[Saved entries]
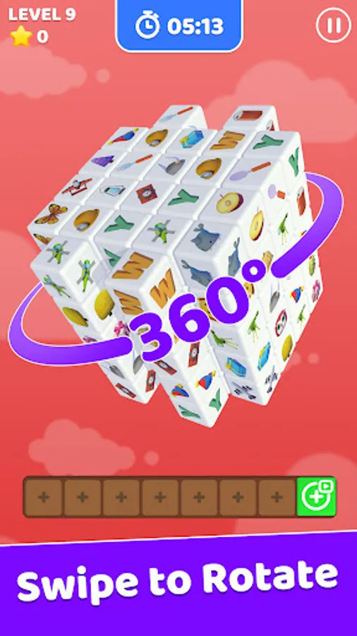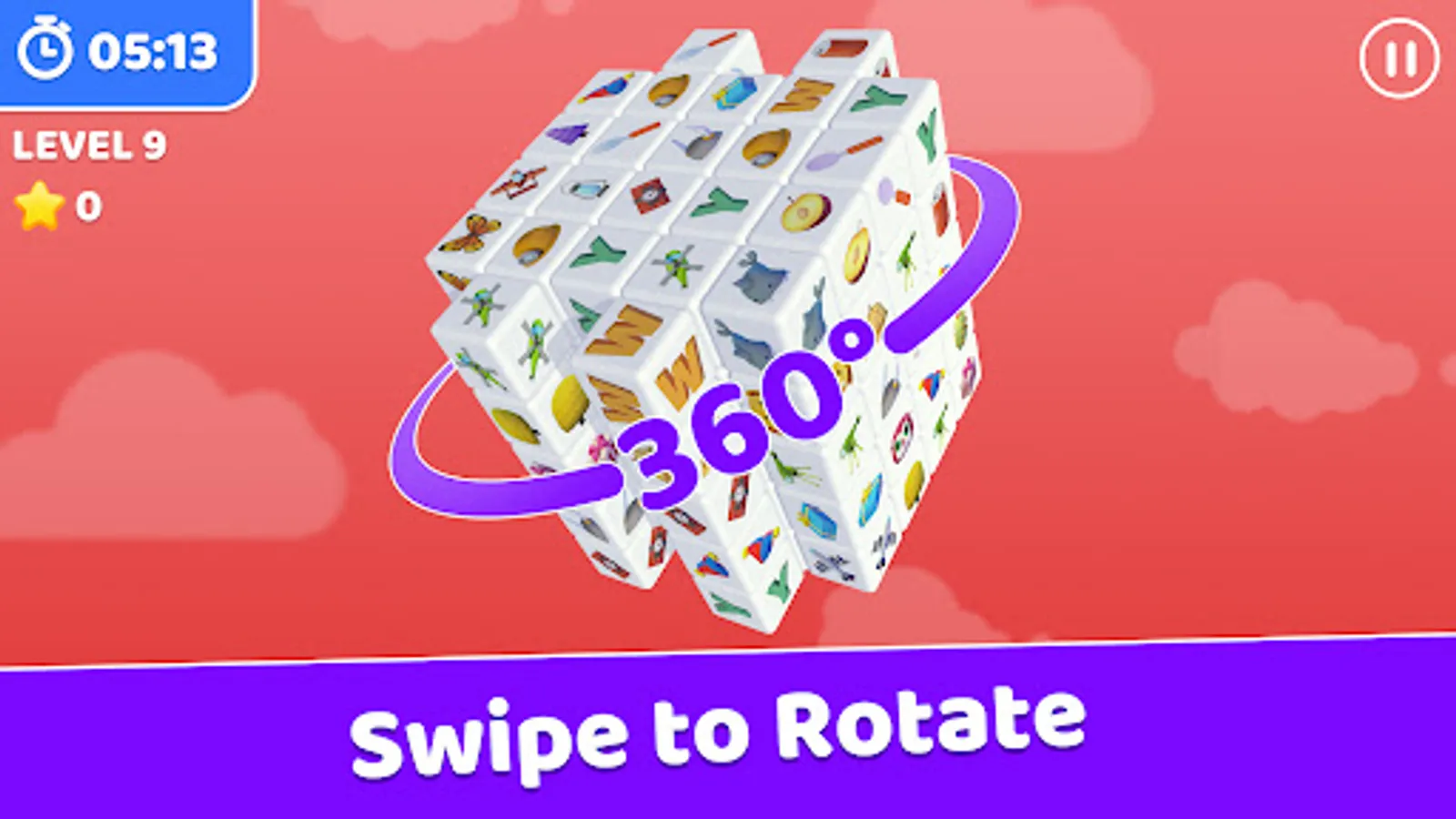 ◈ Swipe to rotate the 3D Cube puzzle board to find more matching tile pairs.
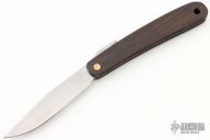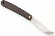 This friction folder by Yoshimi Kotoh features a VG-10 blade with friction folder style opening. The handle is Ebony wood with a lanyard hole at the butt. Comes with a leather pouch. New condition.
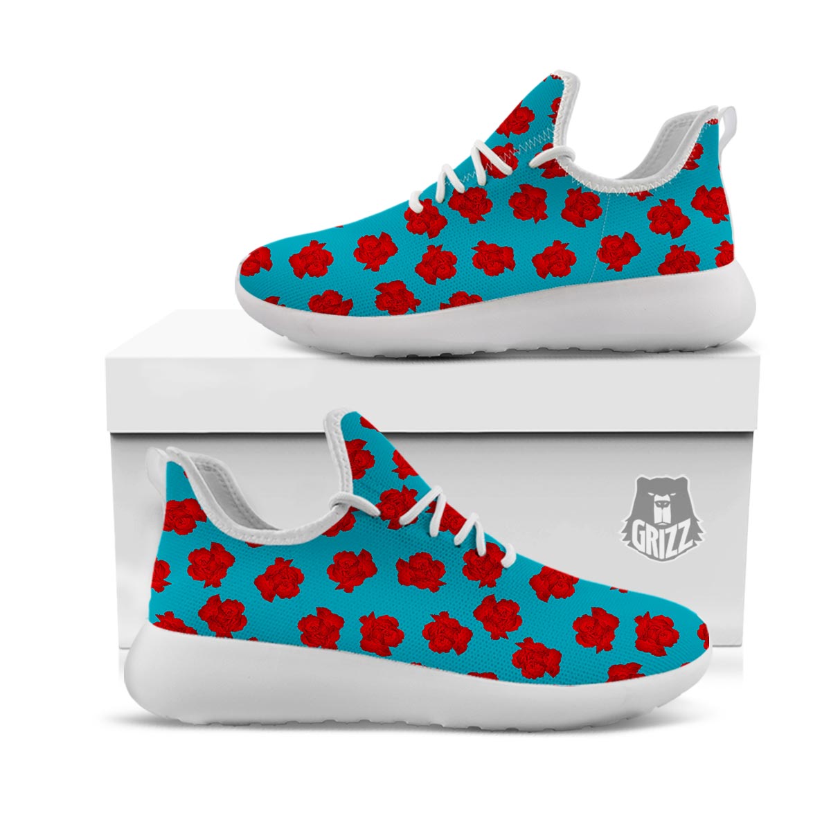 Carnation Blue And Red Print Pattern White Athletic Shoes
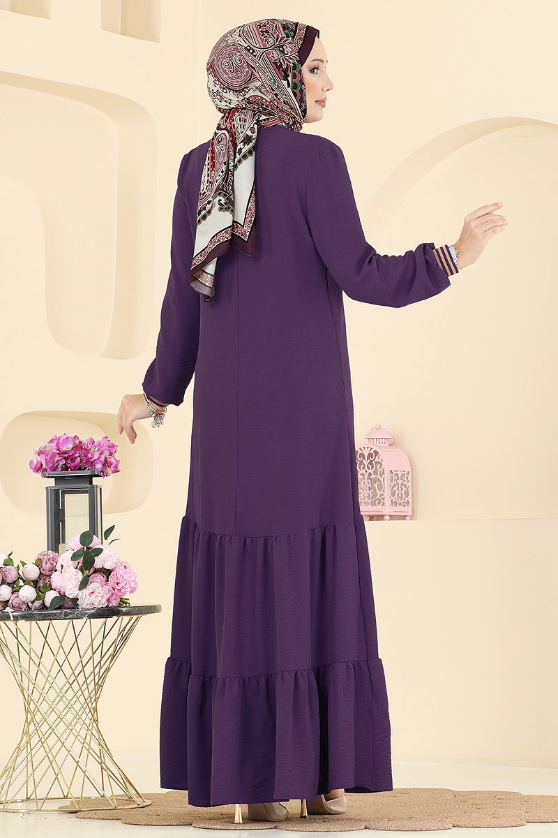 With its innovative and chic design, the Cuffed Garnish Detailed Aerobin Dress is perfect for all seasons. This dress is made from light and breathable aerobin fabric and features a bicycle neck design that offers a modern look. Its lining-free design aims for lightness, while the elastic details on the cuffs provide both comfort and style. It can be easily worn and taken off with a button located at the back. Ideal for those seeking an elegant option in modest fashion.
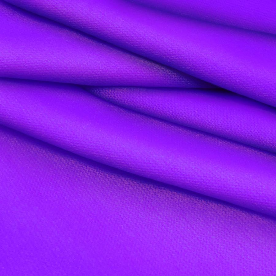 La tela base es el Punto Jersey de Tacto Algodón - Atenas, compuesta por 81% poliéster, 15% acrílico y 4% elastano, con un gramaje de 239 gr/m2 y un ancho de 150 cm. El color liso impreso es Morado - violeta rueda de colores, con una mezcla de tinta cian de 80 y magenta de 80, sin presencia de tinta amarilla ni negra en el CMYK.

### Task objective:
Skip all pictures. Copy exactly the lines from the one containing "This friction folder" through the end of the records, both ends included.

### Finished exercise:
 This friction folder by Yoshimi Kotoh features a VG-10 blade with friction folder style opening. The handle is Ebony wood with a lanyard hole at the butt. Comes with a leather pouch. New condition.
 Carnation Blue And Red Print Pattern White Athletic Shoes
 With its innovative and chic design, the Cuffed Garnish Detailed Aerobin Dress is perfect for all seasons. This dress is made from light and breathable aerobin fabric and features a bicycle neck design that offers a modern look. Its lining-free design aims for lightness, while the elastic details on the cuffs provide both comfort and style. It can be easily worn and taken off with a button located at the back. Ideal for those seeking an elegant option in modest fashion.
 La tela base es el Punto Jersey de Tacto Algodón - Atenas, compuesta por 81% poliéster, 15% acrílico y 4% elastano, con un gramaje de 239 gr/m2 y un ancho de 150 cm. El color liso impreso es Morado - violeta rueda de colores, con una mezcla de tinta cian de 80 y magenta de 80, sin presencia de tinta amarilla ni negra en el CMYK.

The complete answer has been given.